Дон Хуан объяснил, что в общем и те, кто бросает вызов смерти, доходят до того, что усыпляют все эманации в своем коконе, за исключением тех, которые соответствуют эманациям олли. Таким образом они получают возможность имитировать в какой-то форме олли.
Дон Хуан сказал, что каждый из тех "победителей смерти", которых мы встретили у скалы, был способен сдвинуть свою точку сборки в такое место на своем коконе, чтобы выделить эманации, общие с олли, для взаимодействия с ними. Но все они оказались неспособными вернуть ее обратно в ее обычную позицию для взаимодействия с людьми. "Арендатор", с другой стороны, способен сдвигать свою точку сборки, чтобы собирать повседневный мир, как если бы никогда ничего не случилось.
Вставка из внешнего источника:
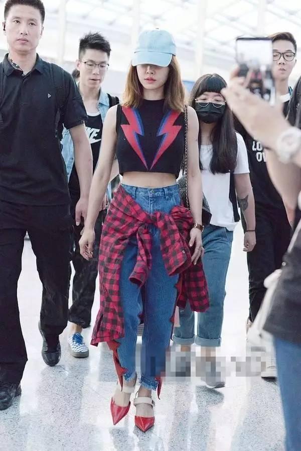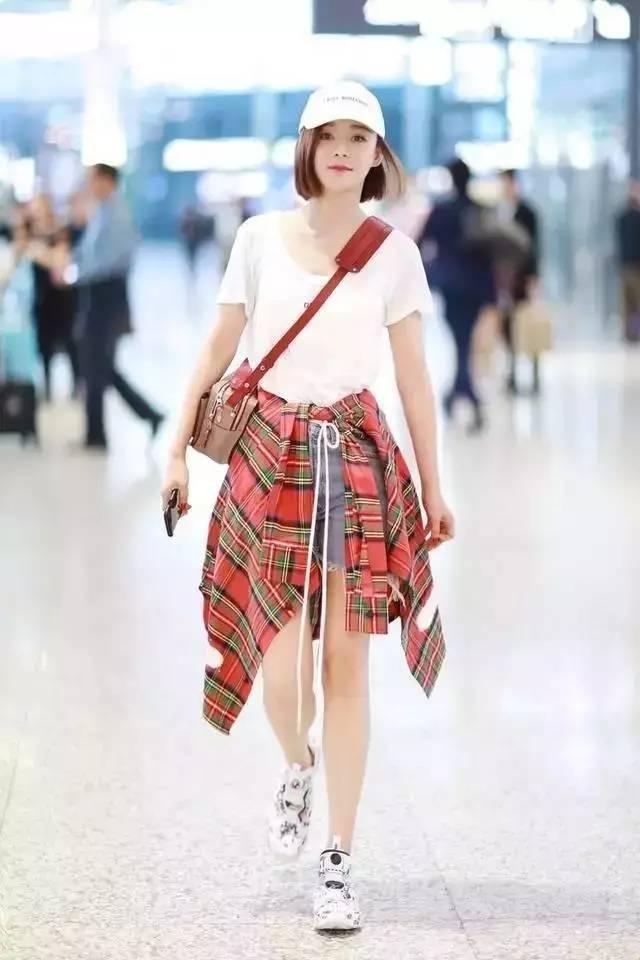 這也是袁姍姍喜愛的穿法。增加了街頭的隨意度和清新時尚的味道。

Дон Хуан сказал также, что его благодетель был убежден - и он с ним полностью согласен, что во время обмена энергий древний колдун сдвигает точку сборки нагваля, чтобы выделить эманации олли в коконе нагваля. При этом он использует большой толчок энергии, освобождаемый этими эманациями, которые внезапно оказываются настроенными после столь глубокого сна.
Он сказал, что замкнутая в нас энергия, в спящих эманациях, обладает громадной силой и неисчислимым разнообразием. Мы можем только смутно оценить диапазон этой могучей силы, если учтем, что энергия, включенная в восприятие и действия в повседневном мире, является результатом настройки едва ли десятой доли эманаций, заключенных в коконе человека.
- В момент смерти вся эта энергия освобождается сразу, - продолжал он. - и в этот момент живые существа бывают затоплены совершенно немыслимой силой. И вовсе не сила наката разбивает их бреши - эта сила никогда не входит внутрь кокона, она лишь заставляет его разрушиться. Что затопляет их, так это сила всех эманаций, которые внезапно настраиваются после целой жизни сонного состояния. И для этой гигантской силы не остается иного выхода, как через эту брешь.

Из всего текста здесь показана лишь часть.